Rush is a 2013 biographical sports film centred on the rivalry between two Formula One drivers, the Briton, James Hunt and the Austrian, Niki Lauda during the 1976 motor-racing season. It was written by Peter Morgan, directed by Ron Howard and starred Chris Hemsworth as Hunt and Daniel Brühl as Lauda. The film premiered in London on 2 September 2013 and was shown at the 2013 Toronto International Film Festival before its United Kingdom release on 13 September 2013. The film received positive reviews from critics for Hemsworth and Brühl's performances, Howard's direction, the racing sequences, and Hans Zimmer's musical score.

Plot 
James Hunt, a brash and self-confident individual, and Niki Lauda, a cool and calculating technical genius who relies on practice and precision, are exceptional racing car drivers who first develop a fierce rivalry in 1970 at a Formula Three race in London, when both their cars spin before Hunt wins the race. Lauda takes a large bank loan from Austria's Raiffeisen Bank to buy his way into the BRM Formula One team, meeting teammate Clay Regazzoni for the first time. 

Meanwhile, Hesketh Racing, the fledgling racing team Hunt drives for, enters Formula One. Lauda then joins Scuderia Ferrari with Regazzoni and wins his first championship in 1975. Hesketh closes down after failing to secure a sponsor, but Hunt joins the McLaren team. During this time, Hunt marries supermodel Suzy Miller, while Lauda develops a relationship with German socialite Marlene Knaus.

The 1976 season starts with Lauda dominating the first two races while Hunt struggles to catch up. Hunt wins the Spanish Grand Prix, but is disqualified after a post-race inspection results in a ruling that the width of his car was greater than permitted. Struggling to comply with F1 rules, McLaren suffers a series of racing setbacks, and Hunt's situation is further exacerbated when Suzy starts a relationship with actor Richard Burton. 

Following his divorce, Hunt regains his competitive spirit and, when his disqualification in Spain is overturned, the restored points put him into championship contention. Lauda marries Marlene in a private ceremony but begins to have concerns about the effects of his newfound happiness, worrying that he has become vulnerable as a racer, as he now has something to lose.

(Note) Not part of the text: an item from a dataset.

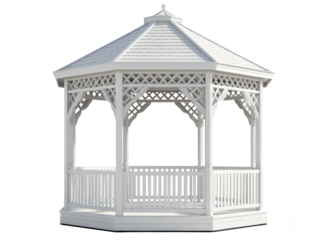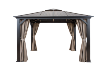 Wooden gazebo with white curtains and bench white gazebo with curtains isolated on a transparent background
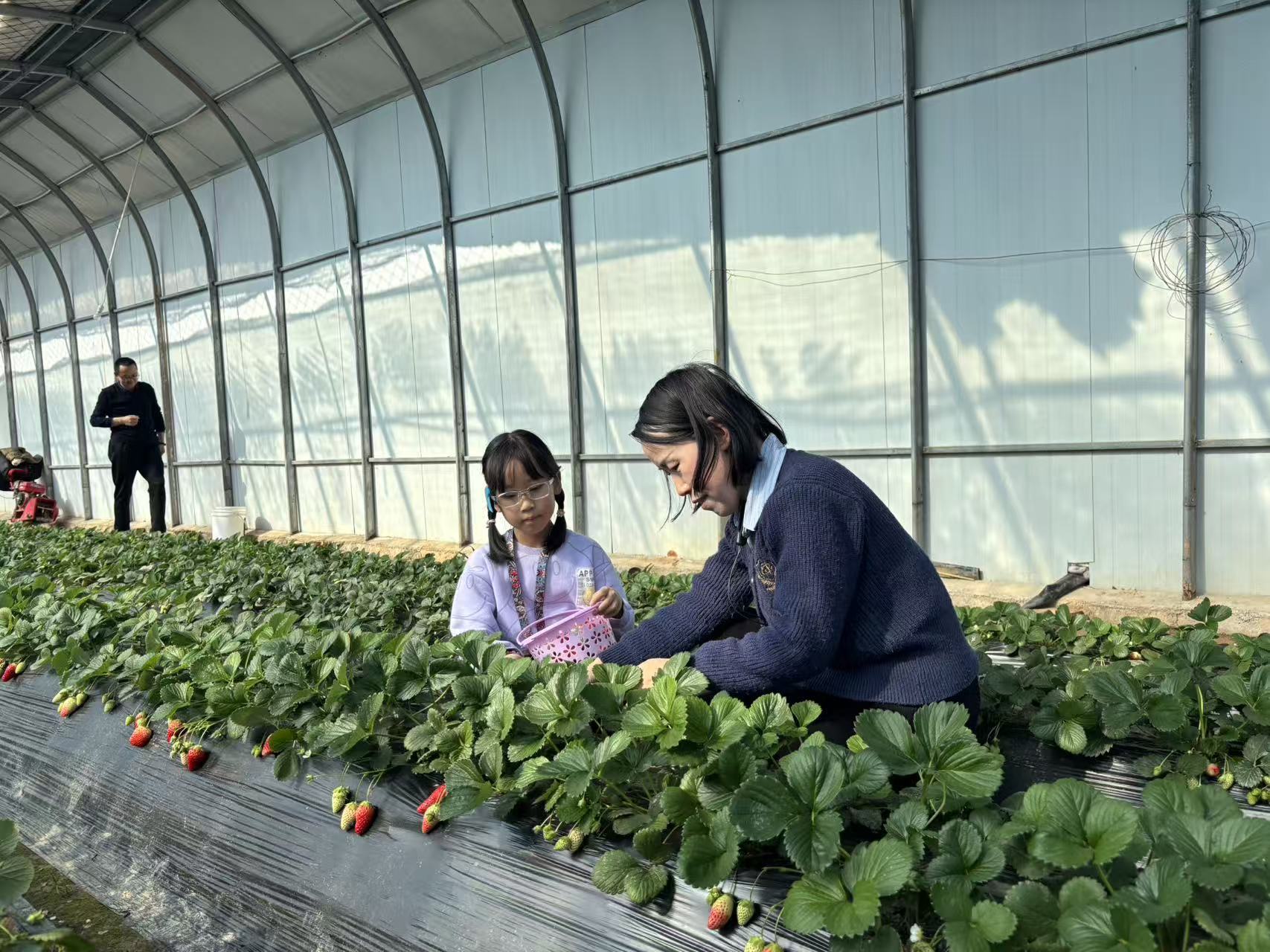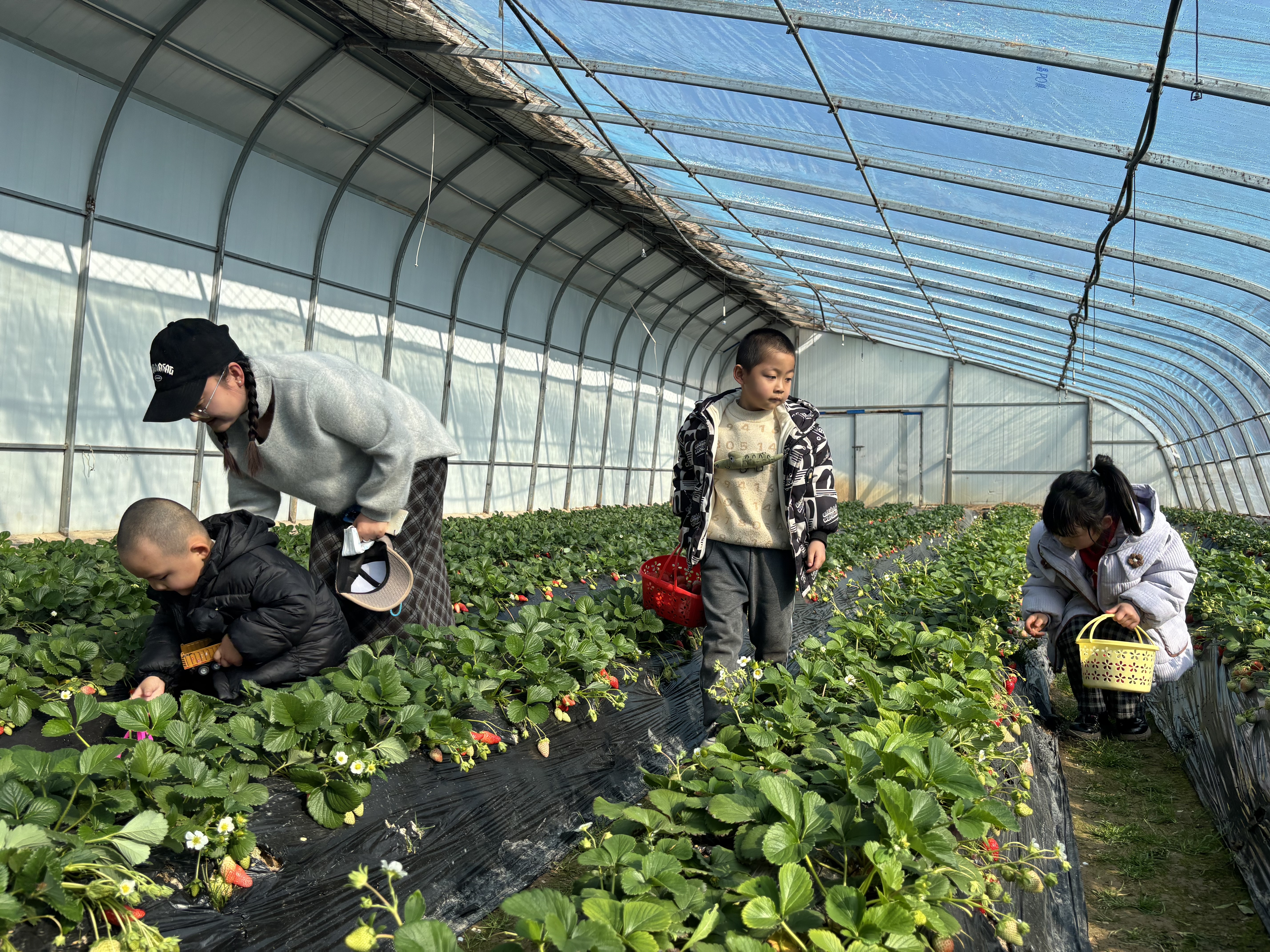 走进康家沟村草莓种植大棚,清甜果香扑面而来,瞬间驱散了冬日的寒凉。游客们提着采摘篮,穿梭在整齐的田垄间,或俯身挑选熟透的果实,或举着刚摘下的草莓拍照打卡,欢声笑语不断。

On the day of the German Grand Prix, Lauda calls a drivers' meeting, urging the F1 committee to cancel the race due to heavy rain on the notoriously dangerous Nürburgring Nordschleife; the vote goes against cancellation after Hunt argues that Lauda is trying to personally benefit in competition by reducing the number of remaining races at a time where Lauda already has a significant points lead towards the season's championship.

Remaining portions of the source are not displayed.